Billionaire Paul Allen has formed a new company to help make spaceflight more affordable and efficient.
Vulcan Aerospace, which was unveiled Monday (April 13), will spearhead the space projects of Vulcan, Inc., a company Allen and his sister Jody formed in 1986.
"Vulcan Aerospace is the company within Vulcan that plans and executes projects to shift how the world conceptualizes space travel through cost reduction and on‐demand access," Vulcan Aerospace president Chuck Beames and his colleague Kyu Hwang wrote in a paper describing the company that was presented at the 31 st Space Symposium in Colorado Springs this week.
"Vulcan Aerospace has its heritage in SpaceShipOne and oversees the Stratolaunch Systems project," they added. "Additionally, Vulcan Aerospace collaborates across Vulcan Inc. for projects dealing with space."
SpaceShipOne won the $10 million Ansari X Prize in 2004 for becoming the first privately funded manned vehicle to reach space twice in the span of two weeks. The project was a joint venture involving Allen and Scaled Composites, the California-based aerospace firm headed by engineer Burt Rutan.

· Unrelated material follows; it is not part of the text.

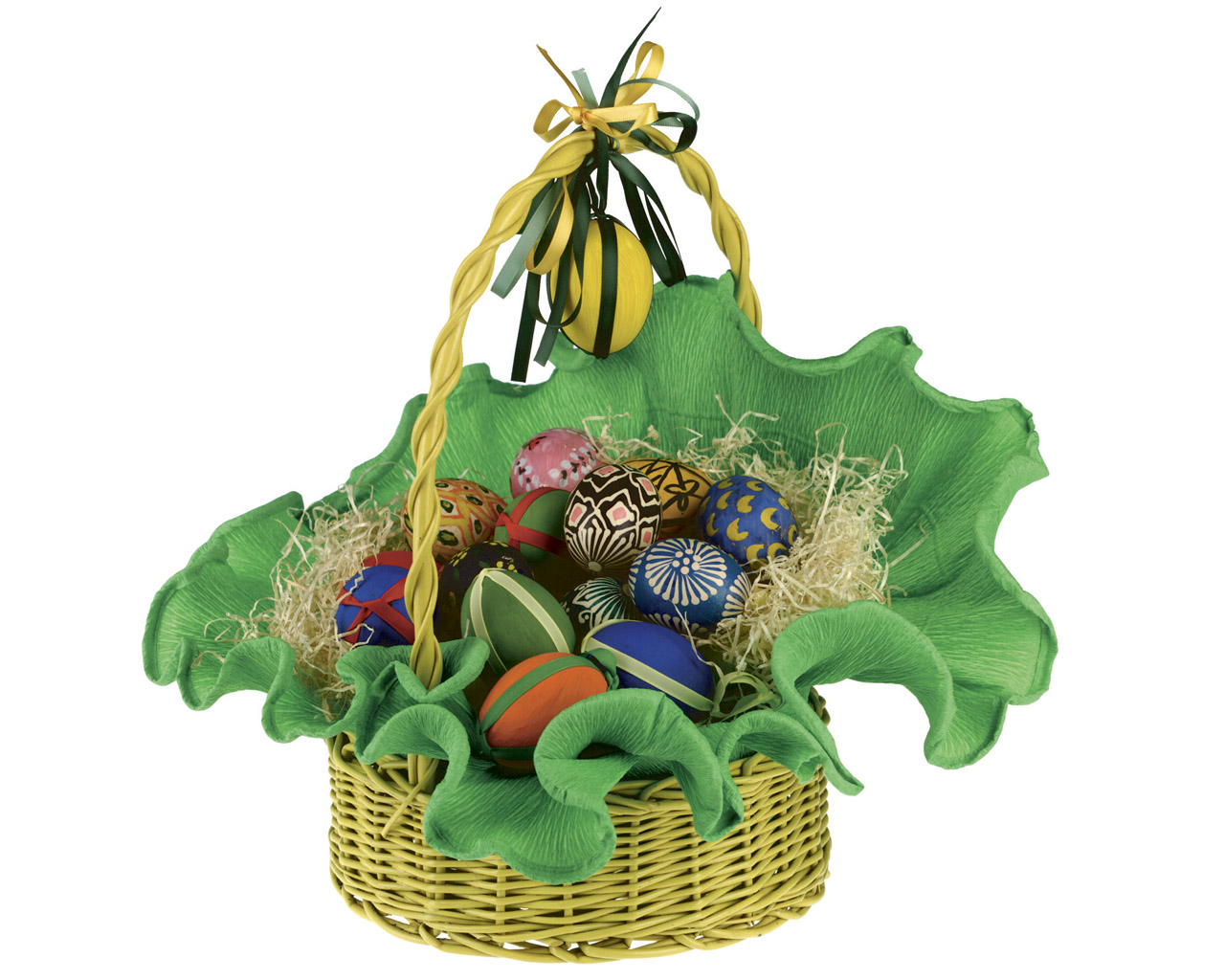 Description: A basket filled with lots of different colored eggs in it's handle and a ribbon tied around the top.

Allen, who co-founded Microsoft with Bill Gates, teamed up with Rutan again in 2011 to form Stratolaunch Systems, a company that aims to launch satellites from the belly of a huge carrier aircraft with a wingspan of 385 feet (117 meters).
Stratolaunch's air-launch strategy should reduce costs and increase flexibility, Vulcan Aerospace representatives say.
"Stratolaunch’s ability to launch from variable locations will enable satellites and humans to be efficiently inserted into their most optimal orbit at a time of the customer’s choosing," Beames and Hwang wrote. "Launching far away from populated areas (i.e. middle of the ocean) also significantly reduces public safety risk. Flexibility will be greater when the Stratolaunch system is adapted to launch various types of launch vehicles. The carrier vehicle is being developed by Scaled Composites and the launch vehicle by Vulcan Aerospace."
The Stratolaunch carrier plane is on track to make its first test flight in 2016, according to Beames.